Employee Of The Year Award

Abandon your organisation's award rewards

They often fail and can create the opposite of the behaviours you seek

Written by Dr. Shaun Ridley FAIM
3 minute read
Employee Of The Year Award

Employee of the Month always seemed like a good idea, but it has never really delivered on the promise. Surely in a world craving recognition and attention, an award to publically recognise the contribution of an individual would be a good thing to do.

The reality is that awards such as these have fallen into disrepair. Someone has drawn a moustache on the photo of this month’s winner, whilst others are collaborating to nominate their friend, the geek or the universally acknowledged worst employee in the organisation just to highlight their cynicism of the award and the process.

Yet organisations persist and set themselves up to fail.

They often have no clear criteria for nominating or winning the award. They put in artificial rules like you can’t win twice or you can only have one nomination from each department, or no one from the management team can win.

Then, when the announcement is made, the embarrassed individual accepts the prize knowing they only have a small slice of the organisation who has any idea what they do in their job and a percentage of those that do know, think they don’t do it very well and should never have been given the award.

This pessimistic view of the value of these awards is as likely to reflect a more widespread problem in the organisation as it is to be suggesting all awards are bad. And this is exactly the point.

Frequently staff awards are introduced as a simplistic, short cut, to addressing the real issues of concern in the organisation.

If your staff feel they are not sufficiently recognised for the work they do, then a big awards scheme is not the answer.

We need to focus on giving feedback and speaking to staff about their performance targets.

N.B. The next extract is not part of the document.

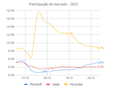 Aqui está o ranking das montadoras mais vendidas até o dia 25 de outubro de 2023:

Targets which are followed by authentic, specific and timely feedback on their performance.

Other types of recognition that pay staff extra, or provide movie tickets or other prizes for particular types of performance are also problematic.

What message does the provision of these incentives send?

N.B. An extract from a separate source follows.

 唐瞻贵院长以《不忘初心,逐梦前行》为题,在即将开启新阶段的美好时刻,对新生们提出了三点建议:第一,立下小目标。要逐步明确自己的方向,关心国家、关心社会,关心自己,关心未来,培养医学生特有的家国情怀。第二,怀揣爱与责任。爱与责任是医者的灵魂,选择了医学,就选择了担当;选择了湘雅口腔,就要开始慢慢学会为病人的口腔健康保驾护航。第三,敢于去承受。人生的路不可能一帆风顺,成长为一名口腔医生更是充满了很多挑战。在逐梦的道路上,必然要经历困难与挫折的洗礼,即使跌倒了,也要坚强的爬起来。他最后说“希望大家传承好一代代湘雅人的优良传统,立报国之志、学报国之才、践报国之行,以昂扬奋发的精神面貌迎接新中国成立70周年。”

On the one hand, leaders are trying to build staff who are committed to the organisation’s purpose and customers, and who are intrinsically motivated to do the work well. On the other hand the staff are being provided with a crude incentive to deliver increased effort in one particular area, possibly to the exclusion of other areas.

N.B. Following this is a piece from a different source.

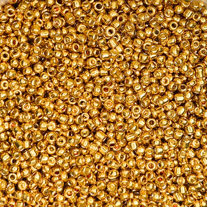 Guldfärgspläterade seed beads, 2 mm 25 gram ca 1600 pärlor

It is little wonder then, that the next time the leader wants an extra effort that the staff say “what’s in it for us, what incentive will you provide this time?”.

The only rewards with demonstrated, sustained, success centre on personal growth, recognition (most commonly delivered as praise from the boss, peers or customers) and making a contribution to a higher purpose.

One small step in the next 24 hours

Re-examine the incentives and rewards on offer to members of your team.

Consider what behaviours they are designed to reinforce and what unintended behaviours might be reinforced by these incentives and rewards.

Challenge yourself to think of other ways to implement schemes that reduce or eliminate the risk of undesirable behaviours being rewarded. For example, would a team reward scheme work better than individual incentives, or would a series of smaller incentives work better than one larger annual incentive?